Ein Punkt, der vor allem den Leica Puristen geschuldet ist. Natürlich ist es wichtig, die Intelligente Automatik zu verlassen, um die Kamera sowie das Fotografieren im Allgemeinen verstehen zu können. Das macht eine Kamera mit Automatiken aber nicht zu einer schlechteren Wahl. Wer meint, er würde sich, nach dem er die Lichtverhältnisse gecheckt und das Messschieberfeldchen mittig platziert hat, besser auf das Motiv konzentrieren können, betrügt sich selbst. Klar, zurück zum Wesentlichen ist und kann ein Bestandteil einer schönen Fotografie sein. Hilfsmittel wie die Automatiken zählen aber nicht dazu. Tools wie Ibis, 43mpx, tausende Knöpfe oder sogar der Autofokus sind diskutable Luxuserscheinungen einer Kamera. Sie können aber sehr nützlich sein. Die Automatik jedoch ist ein Meilenstein der Fotografie, der am ehesten verstanden werden kann, wenn man eine Zeit lang ohne eine Zeitautomatik fotografiert. Ein Befreiungsschlag!

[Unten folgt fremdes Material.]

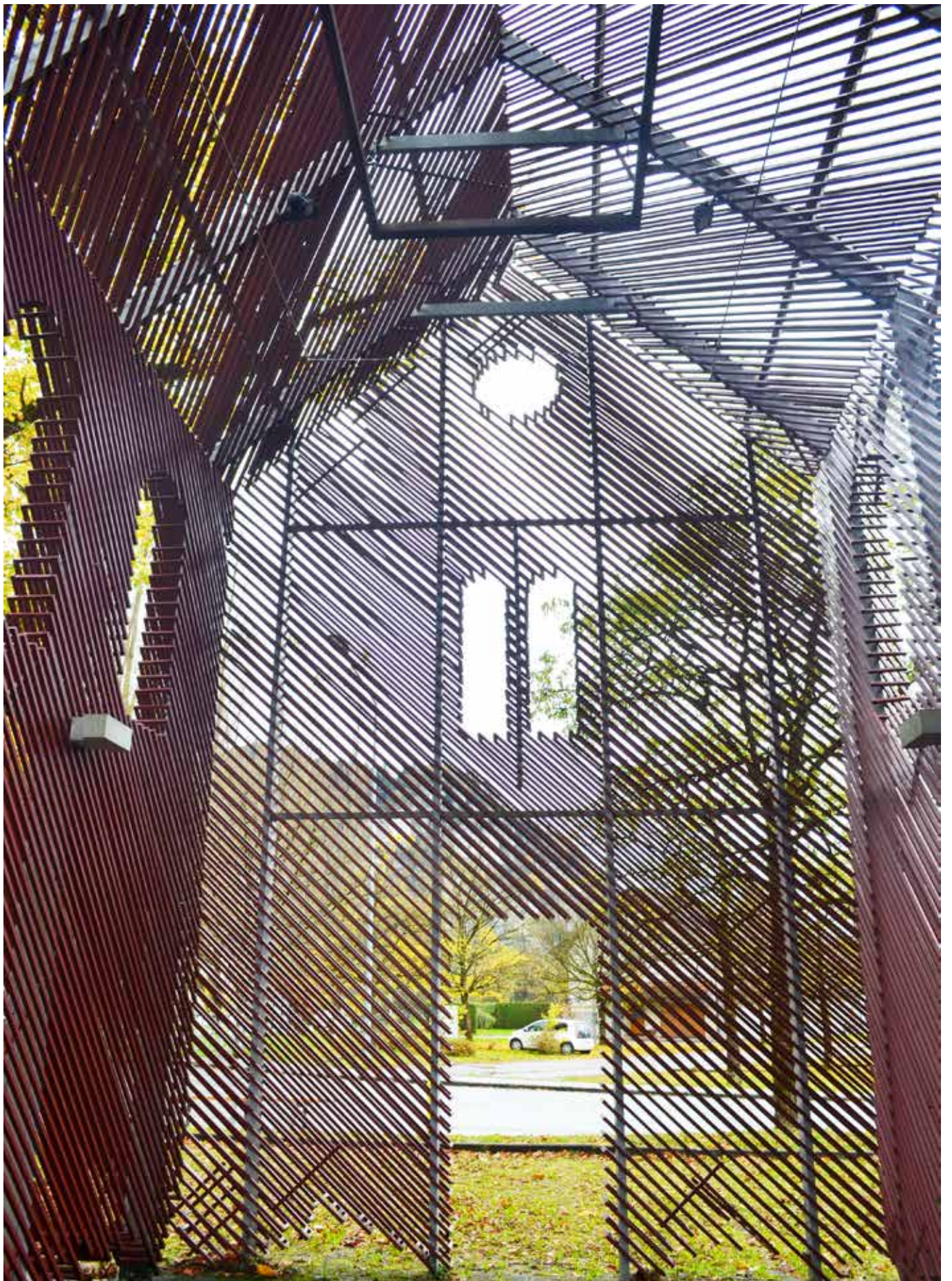
"Tentativo di cristallizzazione": architettura-scultura del transitorio a Hohenems (Vorarlberg, Austria).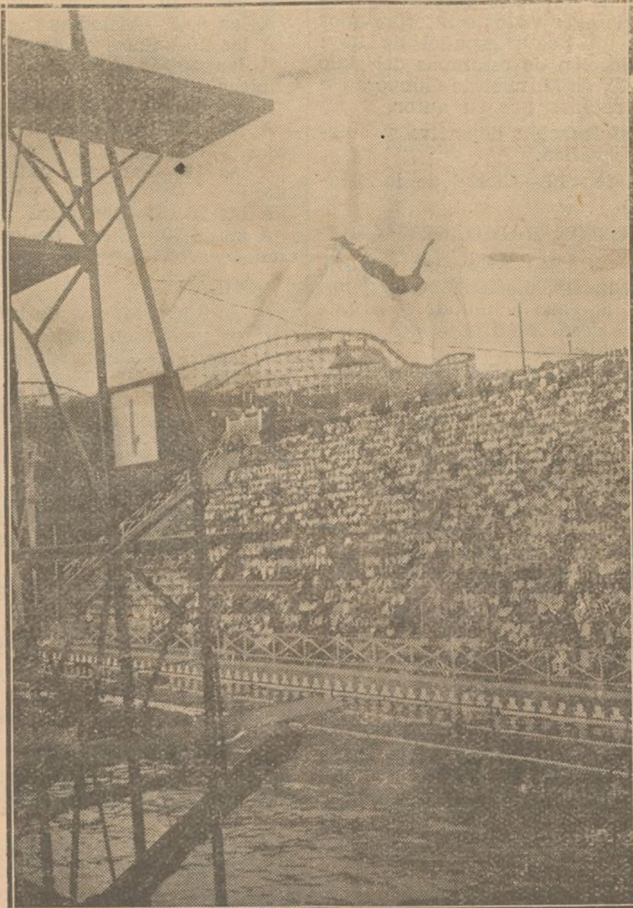
En la piscina de la Exposición de Barcelona se ha celebrado recientemente un concurso de varias pruebas de natación. Ved aquí un formidable salto dado por uno de los participantes.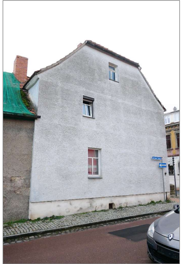
Wohnhaus - Nordwestansicht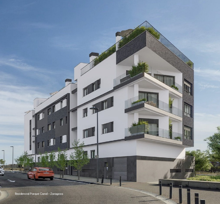
Residencial Parque Canal - Zaragoza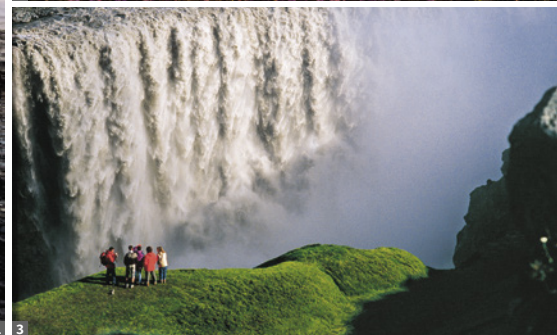
1 Geysir Strokkur 2 3 Dettifoss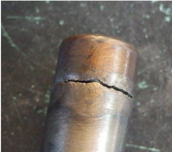
Résultat d'un essai d'éclatement

Le burst test consiste à déterminer la pression d'éclatement d'un élément sous pression. L'élément à tester est donc soumis à une pression croissante jusqu'à atteindre la rupture. L'élément est jugé conforme si la pression atteinte lors de l'essai dépasse la pression prévue. Ce test est appliqué pour qualifier des éléments de tuyauterie ou des réservoirs qui seront soumis à la pression lors de leur utilisation.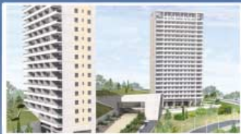
BENIDORM - ALICANTE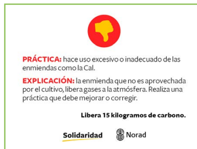
Reverso de la tarjeta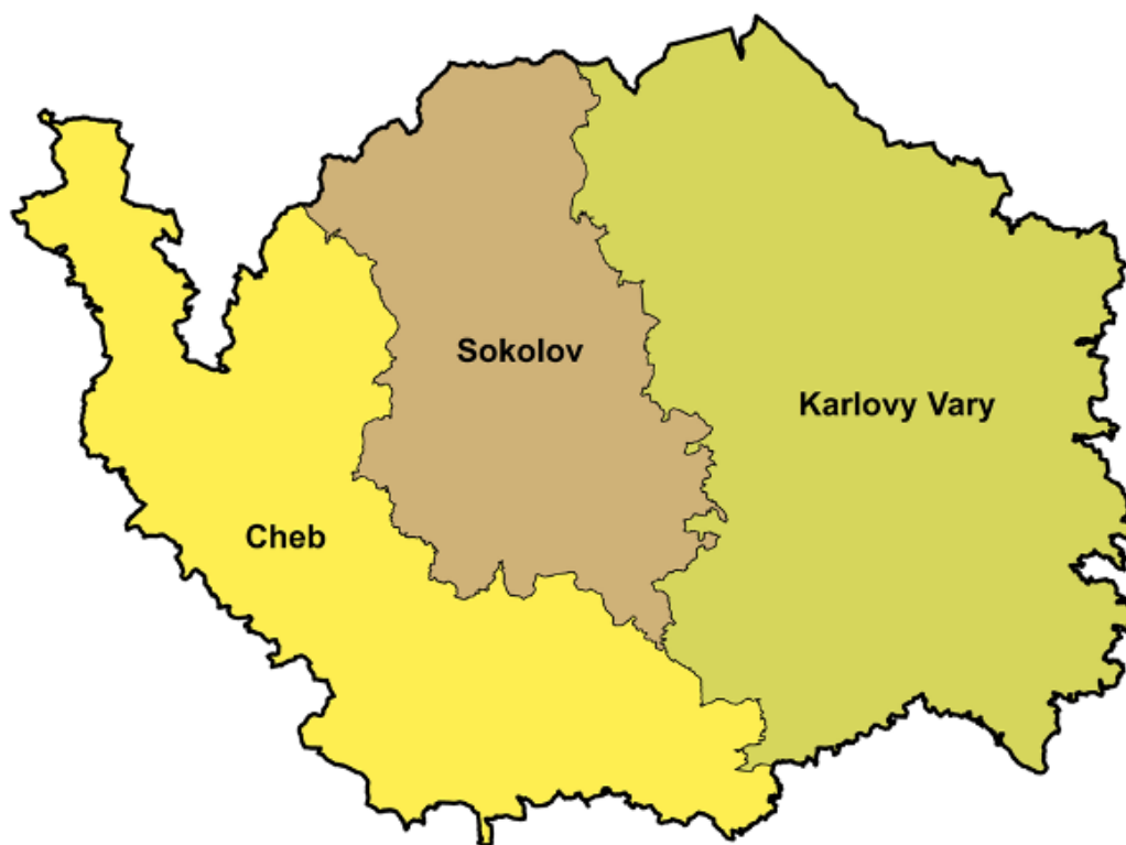
Obrazek 1 Karlovarský kraj

5. Digitale Leicas sind technisch schlechter als die Konkurenz

Ein Blick auf eine im Internet populäre Technikberatungsseite (benannt nach dem Singular einer frittierten Kartoffelscheibe) ist ernüchternd. Letzter Platz, die Leica M10. Eine Kamera, die preislich alle anderen übertrifft, ist schlechter als alle anderen. Kann das sein? Ja, wenn man Listen wie eben genannte vertraut. Während diese Listen ebenfalls kein Wort über die überragende Fertigungsqualität der Produkte aus Leitz verlieren, das unglaublich schöne Gefühl wenn es klickt ohne zu wackeln, wenn man den Fokus mit dem kleinen Finger bewegen kann ohne dass er lose ist, wenn die Kamera aus einem Block Aluminium in der Hand einem den Eindruck erweckt, man habe die Masse eines ganzen Universums in der Hand, lässt sich über die technischen Parameter durchaus streiten. Megapixel, Linien, Bilder per Sekunde, das lässt sich alles in Listen vergleichen. Bildqualität leider nicht, und so ist es schon fast tragisch, dass einem das wichtigste verfährt bleibt. Hat Leica also die beste Bildqualität im Kleinbild? Das ist subjektiv. Hat Leica die außergewöhnlichste Bildqualität? Auf jeden Fall. Ist die Kamera deswegen schlechter, weil sie keinen Bildstabilisator besitzt? Nein. Wer solchen Dingen einen hohen Stellenwert bemisst, verkennt diesmal wirklich das wichtigste, nämlich die Bildqualität. Wer das nicht versteht, kann ruhig seine Leica M Objektive an eine Sony adaptieren, das Maximum an Qualität werden sie nie erreichen.



Eine digitale Leica M(9). Großmutter der aktuellen M10, mit einzigartigen Bildern auch heute noch eine lustvolle Kamera


Was ist nun die Moral von dieser Geschicht? Nun, wir alle lieben die Messsucher von Leica. Obwohl das System deutlich seine Schwächen hat, verdankt Leica sein Überleben ausschließlich der M's, bis heute. Und das ist auch gut so, denn eine Leica ist nach wie vor ein Statement, dass der Besitzer nach außen gibt. Nur sollten wir alle aufhören, uns selbst zu belügen. Wir machen uns das Leben mit Messsucher nicht einfacher. Es ist eine Erfahrung, genauso wie es eine Erfahrung ist, mit dem Fahrrad andere Länder zu bereisen. Einfacher wird das ganze aber nicht. Viele Argumente hatten ihre Daseinsberechtigung, der Kameramarkt hat sich aber verändert, was bleibt sind häufig Marketingwirksame Phrasen, die uns das Weiterleben mit dem Messsucher schmackhaft machen sollen.